(Available data Opens)
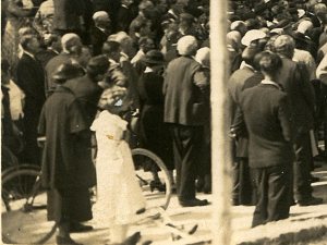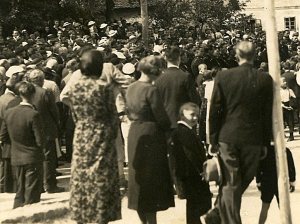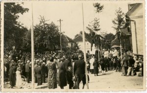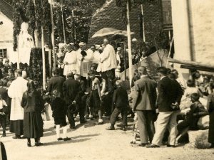 Objavili smo že dve sliki posvetitve temeljnega kamna. Na eni je videti jugozahodno stran cerkve, na drugi pa južno. Na pričujoči sliki cerkve ni videti, ker je fotograf stal pred njo. Slikal je zbrane vernike z Rakeka in okoliških krajev, ki so se udeležili svečanega dogodka. Čez dve leti – 30. oktobra 1938 – se je škof vrnil in blagoslovil novo cerkev.
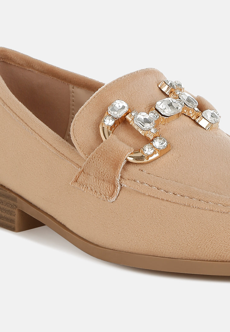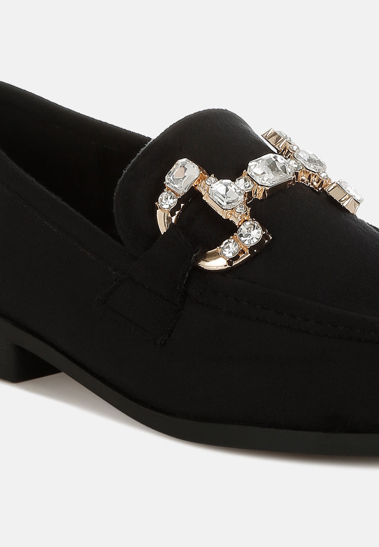 The flat loafers are comfortable with soft cushion insoles and have a dashing aesthetic with the elegant yet bold diamante embellished horsebit detail which accentuates the overall appeal of the microfiber loafers.
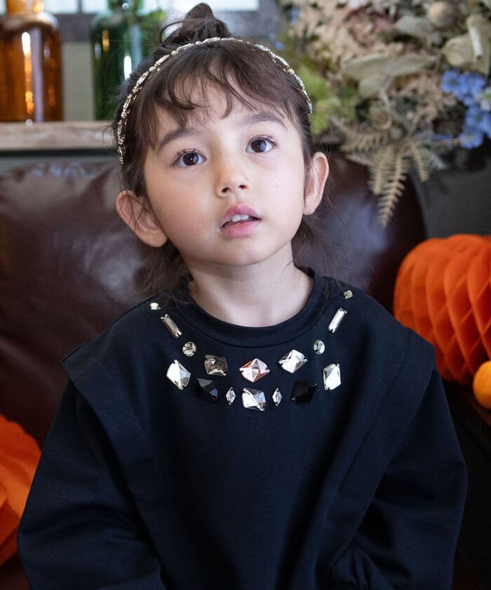 ・胸元のカラフルなストーンが大人可愛い印象を与え、特別感を演出。
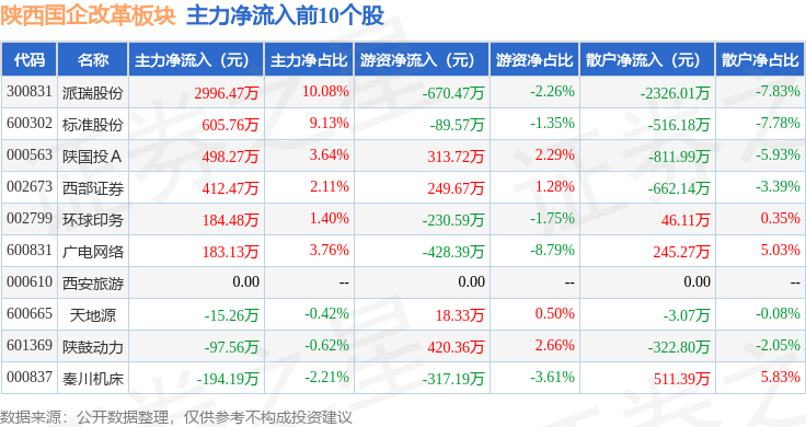 从资金流向上来看,当日陕西国企改革板块主力资金净流出12.44亿元,游资资金净流入9786.61万元,散户资金净流入11.46亿元。陕西国企改革板块个股资金流向见下表:
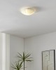 Runde Mars-Lampen haben einen Metallsockel und weißes Satinglas. Sie sind sowohl für die Decke als auch für die Wand geeignet.
(Available data Closes)
**Brief:** None of the pictures belongs in the answer, but all the entries must be repeated exactly.

**Your response:**
 Objavili smo že dve sliki posvetitve temeljnega kamna. Na eni je videti jugozahodno stran cerkve, na drugi pa južno. Na pričujoči sliki cerkve ni videti, ker je fotograf stal pred njo. Slikal je zbrane vernike z Rakeka in okoliških krajev, ki so se udeležili svečanega dogodka. Čez dve leti – 30. oktobra 1938 – se je škof vrnil in blagoslovil novo cerkev.
 The flat loafers are comfortable with soft cushion insoles and have a dashing aesthetic with the elegant yet bold diamante embellished horsebit detail which accentuates the overall appeal of the microfiber loafers.
 ・胸元のカラフルなストーンが大人可愛い印象を与え、特別感を演出。
 从资金流向上来看,当日陕西国企改革板块主力资金净流出12.44亿元,游资资金净流入9786.61万元,散户资金净流入11.46亿元。陕西国企改革板块个股资金流向见下表:
 Runde Mars-Lampen haben einen Metallsockel und weißes Satinglas. Sie sind sowohl für die Decke als auch für die Wand geeignet.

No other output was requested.